Rebecca’s father, Ron, who works as a machinist for the nearby Warrior Coal mine, had never heard of telepsychiatry before his daughter’s diagnosis of depression. But after struggling to find a local treatment option for her—there are no child psychiatrists in Hopkins County, Ky., where the family lives—he was grateful to learn from a nurse at his workplace that his company’s relationship with Cincinnati Children’s meant Rebecca could receive treatment for free.
“It helped me put a jumbled-up mess into perspective,” Rebecca says. “The therapy put everything everywhere I needed it to be in my life. I’m getting active, I talk to more people, I’m making more friends.”
One Answer to a Growing Problem
Could we be approaching a world where a good deal of adolescent mental health appointments are conducted over video chat? Possibly, says Fritz, the child and adolescent psychiatrist and AACAP president. But that won’t be the cure-all to the crisis of care for children who are mentally ill. He cautions that although telepsychiatry can be an attractive solution for rural children, it doesn’t solve the fact that America desperately needs more child psychiatrists.
Dr. Jennifer McWilliams, child and adolescent psychiatrist at the Children’s Hospital and Medical Center in Omaha, Nebr., concurs. She says about half her patients are now coming to her through telepsychiatry. She notes that “huge swaths” of Nebraska are without any providers at all. “I got into telepsychiatry because it’s one answer to a really, really huge problem. It’s not the answer, it’s just an answer to a huge crisis going on with our mental health care system.”
The legislation introduced by Murphy from Pennsylvania was overwhelmingly approved by the House in early July, with only two Republicans voting against. A similar bill in the Senate, developed by a bipartisan group of senators including Lamar Alexander from Tennessee and Patty Murray from Washington, is out of committee but still awaiting a vote from the full Senate.
Rep. Murphy tells TIME that the lack of psychiatric care for adolescents is particularly troubling because patients entering emergency departments in the midst of a mental health crisis might be heavily sedated or strapped to a bed while they await psychiatric consultation, calling it “pretty Third World in terms of an overcrowded emergency room.” He adds that preventive care through psychiatry and psychology is one way to ensure a patient avoids hospitalization altogether.
“We know now in today’s world that people are very comfortable talking to anybody on a screen,” Murphy adds. “What may have been foreign ten years ago is now common…and now one of those areas in healthcare where a person may be very comfortable.”
Telepsychiatry may also help rewrite some children’s tragic narrative, adds Sorter, the Cincinnati Children’s doctor, by providing access to immediate care so parents don’t give up on trying to find help.
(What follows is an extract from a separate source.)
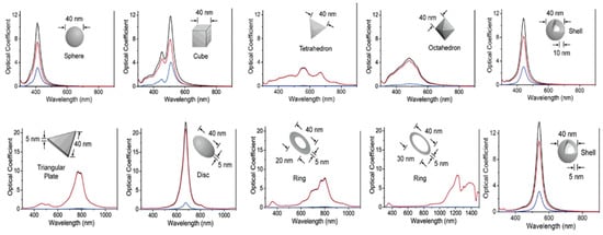 The LSPR effect of nanoparticles is often exploited due to the presence of very intense and well recognizable signals at certain wavelengths; furthermore, these signals also carry information regarding the shape and size of the nanoparticles (see Figure 3) [].

One of Sorter’s recent patients suffered from a severe social phobia that caused him to panic if he was separated from his parents. Through telemental health and therapy, the child’s symptoms have eased.
“Now he’s confident, he can separate well, he’s happy,” Sorter says. “That’s one thing about child psychiatry in general, children and family are resilient. This issue of this shortage is critical, because so many kids are needlessly suffering with very painful conditions that are treatable and can improve.”